INSTRUCTIONS FOR THE TASK:
The material below has pictures in it. Set down only the lines from the line containing "Off-the-shoulder prom dress" through the line containing "Hamaquita muy bien", word for word, and leave the pictures behind.

ENTRIES SUPPLIED:
== Segment start ==
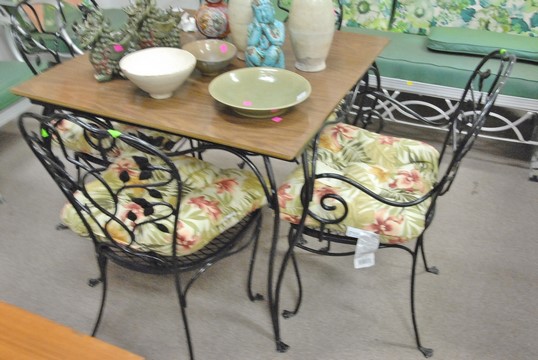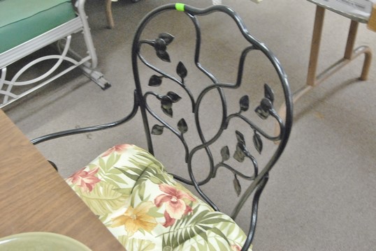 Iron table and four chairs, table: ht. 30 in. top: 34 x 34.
== Segment end ==
== Segment start ==
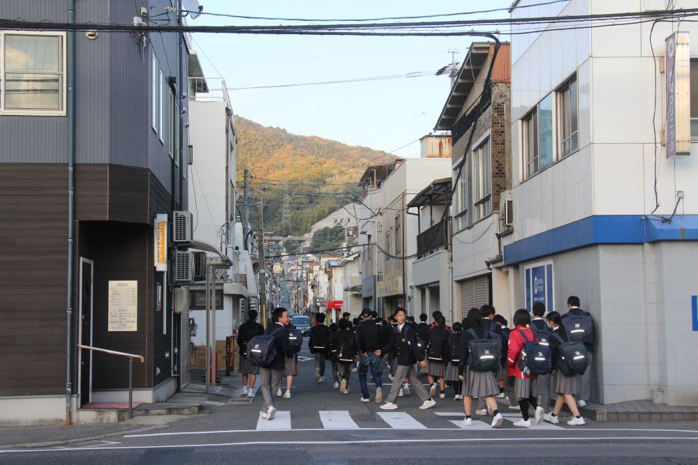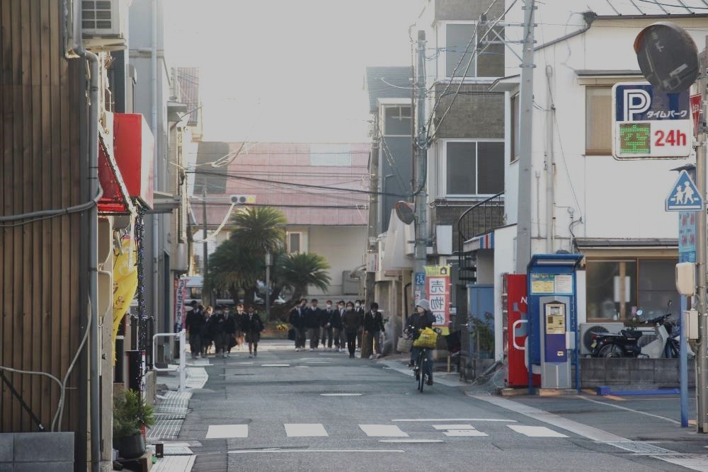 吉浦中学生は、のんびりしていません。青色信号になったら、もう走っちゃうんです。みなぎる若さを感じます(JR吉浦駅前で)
== Segment end ==
== Segment start ==
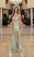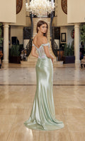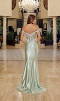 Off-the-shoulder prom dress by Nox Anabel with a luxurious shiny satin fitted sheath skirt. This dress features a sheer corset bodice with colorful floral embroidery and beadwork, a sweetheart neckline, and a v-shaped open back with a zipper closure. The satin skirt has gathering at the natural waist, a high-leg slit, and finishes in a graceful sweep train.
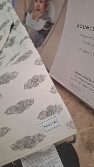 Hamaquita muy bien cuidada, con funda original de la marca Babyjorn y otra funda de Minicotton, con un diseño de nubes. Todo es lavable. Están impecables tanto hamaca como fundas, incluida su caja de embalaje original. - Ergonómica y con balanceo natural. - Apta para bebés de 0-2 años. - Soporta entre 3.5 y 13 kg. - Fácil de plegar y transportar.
== Segment end ==
ANSWER BOX:
 Off-the-shoulder prom dress by Nox Anabel with a luxurious shiny satin fitted sheath skirt. This dress features a sheer corset bodice with colorful floral embroidery and beadwork, a sweetheart neckline, and a v-shaped open back with a zipper closure. The satin skirt has gathering at the natural waist, a high-leg slit, and finishes in a graceful sweep train.
 Hamaquita muy bien cuidada, con funda original de la marca Babyjorn y otra funda de Minicotton, con un diseño de nubes. Todo es lavable. Están impecables tanto hamaca como fundas, incluida su caja de embalaje original. - Ergonómica y con balanceo natural. - Apta para bebés de 0-2 años. - Soporta entre 3.5 y 13 kg. - Fácil de plegar y transportar.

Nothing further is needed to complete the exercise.